**Brief:** Write out the data word for word and omit every picture.

**Data:**

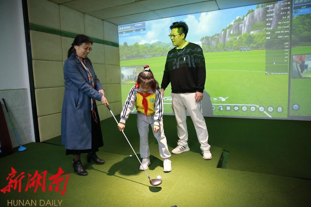 在科创教室内,孩子们正在上人工智能课,孩子们运用各种器材和工具,展示了机械、结构、电子控制、信息技术等综合知识,赢得了老师们的一致好评。在高尔夫AR模拟练习场,孩子们挥杆、打球、进洞,智能模拟器根据打出的球的速度和角度计算出球的落点,让大家身临其境,引得调研组专家们也忍不住亲身体验了一把“挥杆”。在网络联校教室内,莫迁老师带来了一堂有趣的数学课——《好玩的四连方》。教师采用在小组探究合作的方式,充分应用智慧平板答题功能,将所有小组的学习情况实时反馈于教师的智慧平板端,进行学习数据的收集、整理,实现了现代信息技术与课堂教学的深度融合。 调研组成员在参观、体验的过程中充分感受到了长沙师范附属创远小学作为湖南省教育社会实验首批实验单位、长沙市未来学校创建校、开福区首批智慧校园示范校已然初步形成的教育信息化、智能化的新生态。
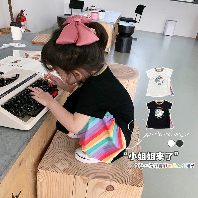 Giới thiệu Váy Xuông Hình Pony Bé Gái, Chất Liệu Cotton, Phối Vạt Cầu Vồng Thời Trang Sành Điệu
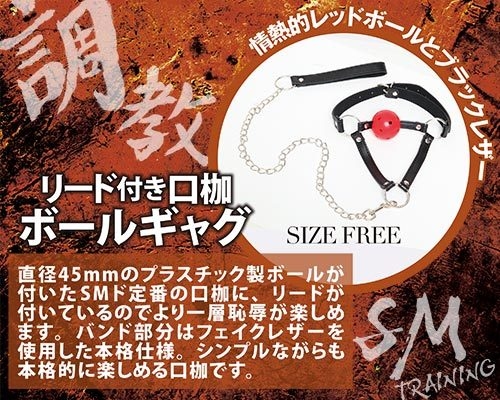 さらなる羞恥プレイを求め、調教がさらに加速!直径45mmのプラスチック製ボールが付いたSMのド定番の口枷に、リードが付いているのでより一層恥辱が楽しめます。バンド部分はフェイクレザーを使用した本格仕様。シンプルながらも本格的に楽しめる口枷です。

**Answer:**
 在科创教室内,孩子们正在上人工智能课,孩子们运用各种器材和工具,展示了机械、结构、电子控制、信息技术等综合知识,赢得了老师们的一致好评。在高尔夫AR模拟练习场,孩子们挥杆、打球、进洞,智能模拟器根据打出的球的速度和角度计算出球的落点,让大家身临其境,引得调研组专家们也忍不住亲身体验了一把“挥杆”。在网络联校教室内,莫迁老师带来了一堂有趣的数学课——《好玩的四连方》。教师采用在小组探究合作的方式,充分应用智慧平板答题功能,将所有小组的学习情况实时反馈于教师的智慧平板端,进行学习数据的收集、整理,实现了现代信息技术与课堂教学的深度融合。 调研组成员在参观、体验的过程中充分感受到了长沙师范附属创远小学作为湖南省教育社会实验首批实验单位、长沙市未来学校创建校、开福区首批智慧校园示范校已然初步形成的教育信息化、智能化的新生态。
 Giới thiệu Váy Xuông Hình Pony Bé Gái, Chất Liệu Cotton, Phối Vạt Cầu Vồng Thời Trang Sành Điệu
 さらなる羞恥プレイを求め、調教がさらに加速!直径45mmのプラスチック製ボールが付いたSMのド定番の口枷に、リードが付いているのでより一層恥辱が楽しめます。バンド部分はフェイクレザーを使用した本格仕様。シンプルながらも本格的に楽しめる口枷です。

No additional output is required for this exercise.